Banner Supply buys Mahoning County annex
YOUNGSTOWN
The Mahoning County South Side Annex, 2801 Market St., was purchased for $190,000 by its neighbor, Banner Supply Co., an East Indianola Avenue building-supply company, at a Friday auction.
“We’re located right around the corner,” said Rich Abel, Banner’s vice president. The company bought the annex because it offers a large building and parking lots, he said, adding that the company will use the site for storage.
“It’s not often you get a chance to buy something this large that’s so close to where you are,” Abel said.
“We want to stabilize this neighborhood as much as anybody,” rather than leaving a large, long-vacant building adjacent to Banner unused, he added.
Bidding against Banner was another nearby business, Cyclone Auto Restyling, 101 W. Indianola Ave., an auto-seat repair and accessory installation company.

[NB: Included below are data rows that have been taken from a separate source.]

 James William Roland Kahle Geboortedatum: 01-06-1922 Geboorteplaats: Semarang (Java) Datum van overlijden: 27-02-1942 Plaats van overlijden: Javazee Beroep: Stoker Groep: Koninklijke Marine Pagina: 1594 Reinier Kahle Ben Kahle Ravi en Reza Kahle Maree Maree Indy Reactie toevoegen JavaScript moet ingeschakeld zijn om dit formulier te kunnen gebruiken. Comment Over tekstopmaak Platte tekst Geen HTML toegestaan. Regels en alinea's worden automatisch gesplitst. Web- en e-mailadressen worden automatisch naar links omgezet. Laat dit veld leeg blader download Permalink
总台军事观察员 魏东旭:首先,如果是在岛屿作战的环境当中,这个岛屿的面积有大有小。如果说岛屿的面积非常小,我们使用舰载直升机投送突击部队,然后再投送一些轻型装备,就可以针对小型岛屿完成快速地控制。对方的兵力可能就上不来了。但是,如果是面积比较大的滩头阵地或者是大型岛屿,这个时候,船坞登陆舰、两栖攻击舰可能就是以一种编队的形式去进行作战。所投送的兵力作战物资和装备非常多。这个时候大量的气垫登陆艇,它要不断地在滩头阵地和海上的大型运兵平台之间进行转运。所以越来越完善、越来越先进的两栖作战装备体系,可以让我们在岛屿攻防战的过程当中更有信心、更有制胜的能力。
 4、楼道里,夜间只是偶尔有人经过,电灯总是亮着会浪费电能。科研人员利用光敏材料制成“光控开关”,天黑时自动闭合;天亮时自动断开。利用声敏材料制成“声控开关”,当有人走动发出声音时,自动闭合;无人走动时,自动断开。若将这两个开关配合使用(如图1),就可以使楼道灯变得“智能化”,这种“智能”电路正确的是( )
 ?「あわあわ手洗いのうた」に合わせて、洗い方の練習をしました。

A third active bidder, who had been bidding by phone from California, dropped out earlier in the public auction, which was conducted by Auctioneer George Roman of Canfield.

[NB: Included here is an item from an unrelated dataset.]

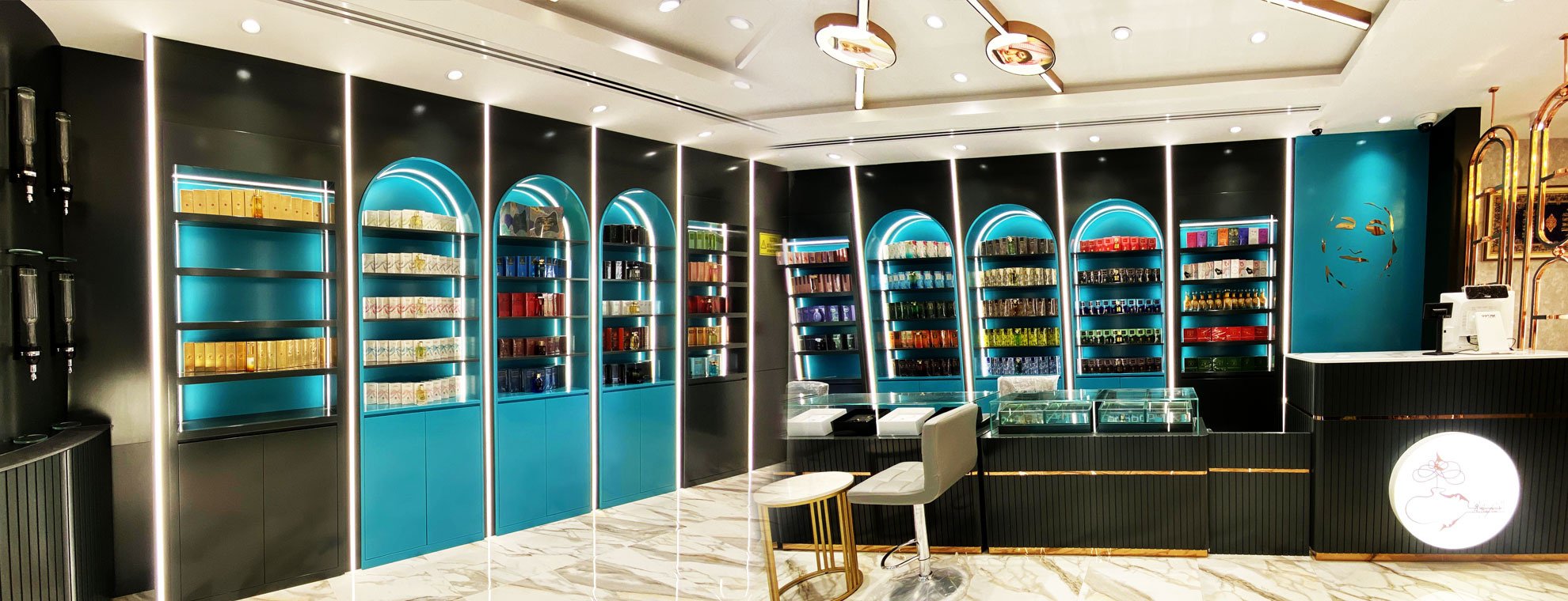 ATYAB PERFUME ISN’T JUST A STORE LOCATED AT DUBAI; BUT IT’S A BEAUTIFUL SPACE THAT’S SPECIALLY CRAFTED FOR FRAGRANCE LOVERS! IT WAS A TREAT TO FORGE A BLEND OF MODERNITY & CONVENTIONAL STYLE, CRAFTING A SPACE THAT CAPTURES THE ESSENCE OF OPULENT FRAGRANCE.

“It has great potential, and I think the [county] commissioners will be happy to have someone paying property taxes on it,” Roman said of the site after the auction.
“It was a heck of a bargain for Banner Supply,” said David Ditzler, chairman of the county commissioners, who attended the auction with his colleague, Commissioner Carol Rimedio-Righetti.
“They’re synonymous with good business, with roofing materials,” Ditzler said, adding that he was glad to have such a stable and “excellent company” own and occupy the site.
“It shows expansion of another business in Mahoning County,” Righetti said. “I’m happy about it,” she added.
The neighboring nonprofit Warriors Inc., 2733 Market St., registered as an auction bidder, but did not actively bid.
In December, the county commissioners rejected a $75,000 bid from Warriors because it fell short of the then-advertised $426,667 minimum bid.
Warriors, which operates the Eagles Christian Preschool, across Hylda Avenue from the annex, had planned to use the annex to expand its preschool and offer more services to youths and families.
The minimum bid for the 1957-vintage, two-story 97,232-square-foot annex on a 4.4-acre site was $75,000.
The brick building, located in the city’s Uptown district, had been a Sears and Treasure Island department store before the county bought the building from the Cafaro Co. for $1.6 million in 1975.
The last county agency to leave the annex was the auto-title department, which moved to Oakhill Renaissance Place in October 2012.
Founded in 1926, Banner Supply is a fourth-generation family business at 103 E. Indianola Ave. that also has locations in Warren, Cleveland and Greensburg, Pa.
It is a roofing, siding, spouting, window, heating and air-conditioning supplier known for its direct-to-rooftop delivery of shingles from a truck-mounted conveyor belt.